Washington: Hide and Seek

The Census Bureau can count people who it can’t prove exist. One day it may not have to count at all

December 1988 Issue

WASHINGTON

ON “S-NIGHT”—Tuesday, March 20, 1990—enumerators from the Bureau of the Census will attempt to count every homeless person in America. They will begin at shelters and cheap hotels at dusk and then, as the night wears on, move to bus stations, train stations, subway stations, all-night restaurants, and all-night movie theaters. They will ask each respondent if he or she has a home elsewhere. Only people who answer no will be interviewed.

After midnight the enumerators will go out on the streets in teams of two. When they see a sleeping person, they will estimate age, sex, and race by observation. When they meet someone who is awake and lucid, they will try to conduct a short interview but won’t ask for the person’s name. S-night enumerators (the S stands for street and shelter) will be given special training, safety tips, and a number to call in case of trouble, but they will not have police escorts. The Census Bureau is concerned about “the perception of police involvement in the census,” according to an internal memo.

A few days after S-night, on “T-night” (the T stands for transient), enumerators will hang a census form on the door of each room in some 70,000 hotels and motels. The vast majority of the people who fill out these forms will also fill out census forms at home, and their transient forms will eventually be thrown out. But the T-night forms will still catch many people who would otherwise be missed.

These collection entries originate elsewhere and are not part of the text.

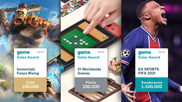 Im Januar 2021 zeichnet der Verband der deutschen Games-Branche game insgesamt drei Spieletitel mit einem game Sales Award für besonders hohe Verkaufserfolge aus. Die Fußballsimulation "FIFA 21" von EA Sports hat es geschafft, die Marke von 1,5 Millionen verkauften Spielen zu knacken. Der neueste Teil der Fußballserie rund um Weltstars wie Ronaldo, Neymar oder Mbappé wird für diesen Erfolg mit seinem insgesamt dritten game Sales Award Sonderpreis ausgezeichnet.
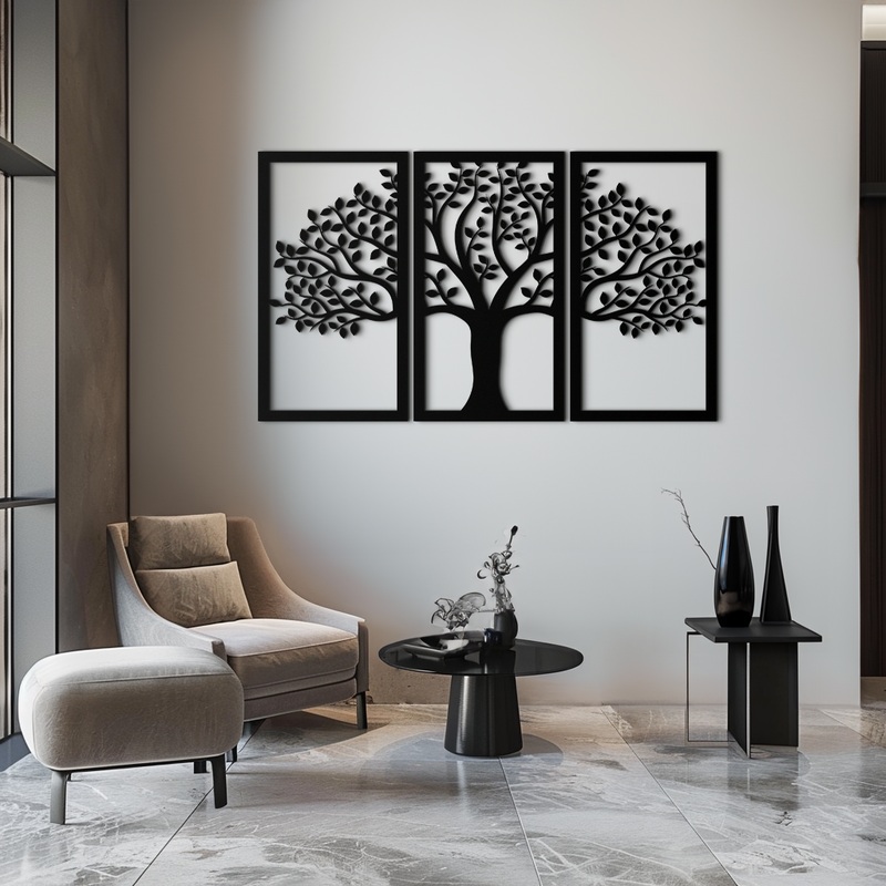 Embrace the beauty of nature and balance with this 3-Panel Tree of Life Metal Wall Art. The symmetrical design of branches extending across three panels creates a timeless and elegant statement piece, perfect for modern, bohemian, and minimalist interiors.
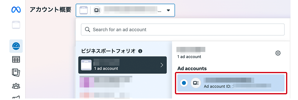 ちなみに、Meta広告(Facebook)のアカウントIDは広告マネージャから取得できます。
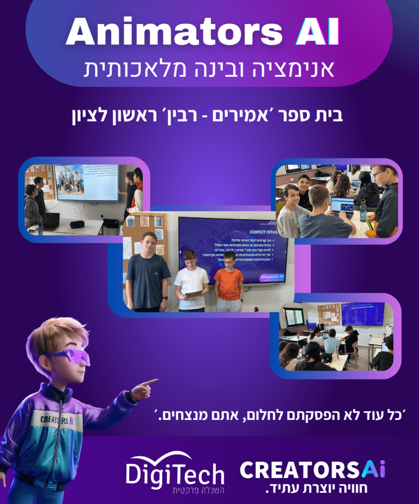 איך הופכים חלום לסרטון אנימציה ואיך מתכננים עתיד כלכלי חכם? תלמידי אמירים רבין ראשון לציון יצאו למסע מרתק עם 'דיגיטק השכלה פרקטית' וחטיבת קריאטורס, המשלב בין עולמות ה-AI למיומנויות פיננסיות לחיים.
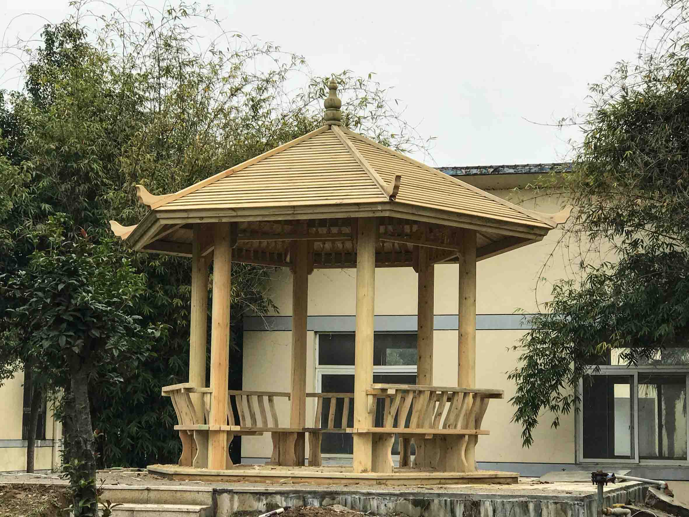 在保持原有景觀基礎(chǔ)上,增加了古色古香的木亭,富有野趣的石桌石凳,原有的噴泉假山也煥然一新。在綠化方面,增加了造型優(yōu)美的樹樁,蒼翠欲滴的竹子等。改造后,整個景觀大幅度提升。
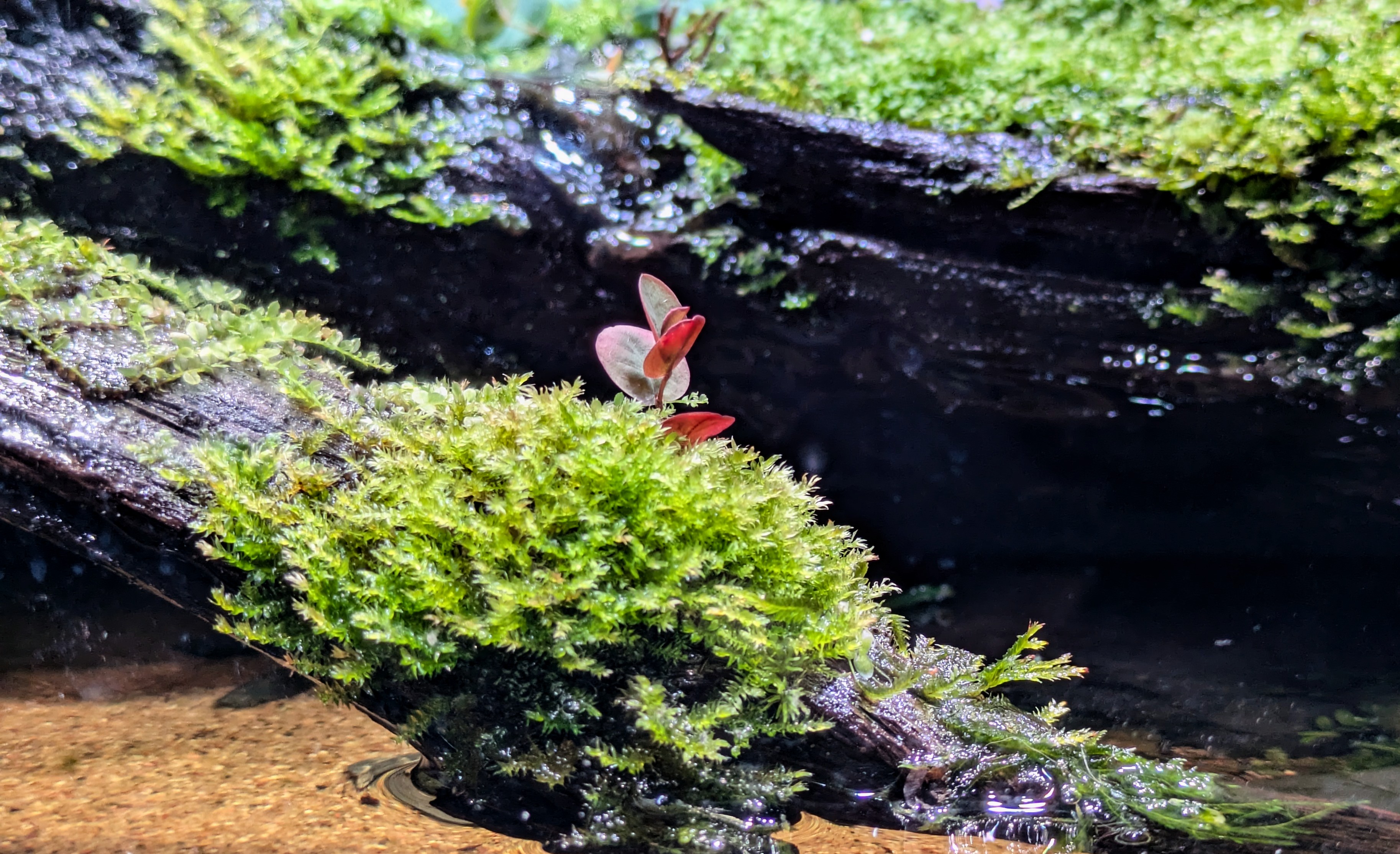 Such a fun Paludarium. The wood is so dramatic but is not dominating or overbearing at all, it just fits the space well and has great flow. Your planting is harmonious with the hardscape and the plants them selves look impeccably healthy. I commend you for fully utilizing the water section, which is often overlooked or under developed in these contests. You made the transition from aquatic to terrestrial plants look seamless. My only nit pic is, I wish I could see the shrimp in the tank. Great work.
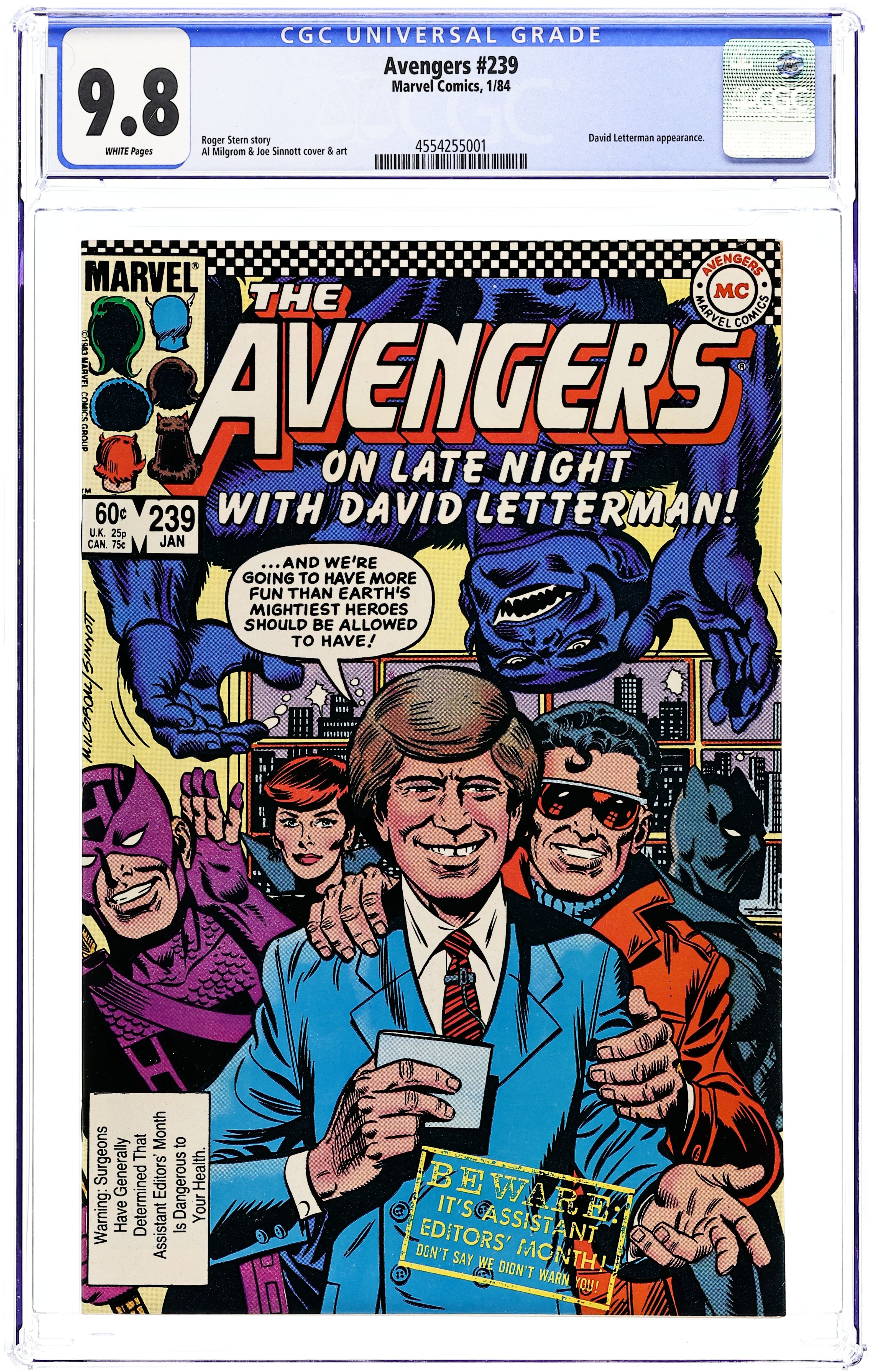 "Late Night of the Super-Stars!" Script by Roger Stern. Pencils by Al Milgrom. Inks by Joe Sinnott. Cover by Al Milgrom and Joe Sinnott. Hawkeye returns to Avengers Mansion with his new bride, Mockingbird! However, the Avengers are on their way to San Francisco, so only the Vision is home to greet the ace archer. Several minutes later Wonder Man calls...in need of a big favor! He's been booked on Late Night with David Letterman and needs several other avengers to appear with him! The Beast, Black Panther, Black Widow, and Hawkeye agree to join Simon on the show! But Fabian Stankowicz decides that he's ready for a guest appearance too! With the bright lights shining and the cameras rolling, the all-out action on the Late Night set begins! It's going to take all of the reserve avengers plus David Letterman to knock out Fabian and his annoying inventions! A fun issue! Assistant Editors' Month. Cameo appearance by Paul Shaffer. Avengers Lineup: Beast, Black Panther, Black Widow, Hawkeye, Mockingbird, Wonder Man, and the Vision. (Notes: This issue includes the first meeting between Mockingbird and the Black Widow, two of Hawkeye's leading ladies. The letters page features a parody by Assistant Editor Mike Carlin.) 36 pages Cover price $0.60.

The Bureau of the Census has been trying for 200 years to fulfill perfectly its constitutional mandate—an “actual enumeration” of the United States population once every ten years. In 1990 the census wall be conducted by a staff of more than 300,000, processed by the latest computers, and analyzed by some of the best statisticians in the world. But it will fail nonetheless to verify physically the existence of millions of people. Not surprisingly, the people most likely to be missed by the census are the homeless, the poor, the illiterate, illegal aliens, minorities, and residents of remote rural areas. Nonetheless, the bureau is making steady progress toward its ultimate goal. Bureau officials estimate that they missed only 1.4 percent of the actual U.S. population in 1980, down from 5.6 percent in 1940. Charles Jones, the associate director of the census, says that he hopes in 1990 to pin down the U.S. population with a 0.5 percent margin of error. But the last few million people will be especially hard to find—they may, in fact, never he found—and the assumption that they even exist rests on sophisticated methodologies of which the public is largely unaware.

How do you count people who don’t want to he counted, or people you just can’t find? The bureau’s staff has some powerful new tools. Next February, for example, the bureau will unveil its Topologically Integrated Geographic Encoding and Referencing System. TIGER is a computerized map of the United States, on a scale large enough to show all of the streets and most of the physical features of the American landscape. By cross-checking the map against the addresses on all census forms that have been received, the bureau can pinpoint every, place that is unaccounted for. This new mapping system, and other computer tools, make it possible for the Census Bureau to establish the size and location of the U.S. population with astonishing precision. Theoretically, the bureau could one day be able to conduct a census without sending out forms or enumerators.

TO A CERTAIN EXTENT, the CenSUS even now requires an act of faith. Enumerators have always asked one person— ideally, the head of the household—to describe every other member of that household. Heads of household sometimes forget. A Census Bureau study in 1960 showed that they were not very likely to forget their wives and children, although they sometimes did, and rather more likely to forget their grandchildren and other relatives. They were most likely to forget their in-laws.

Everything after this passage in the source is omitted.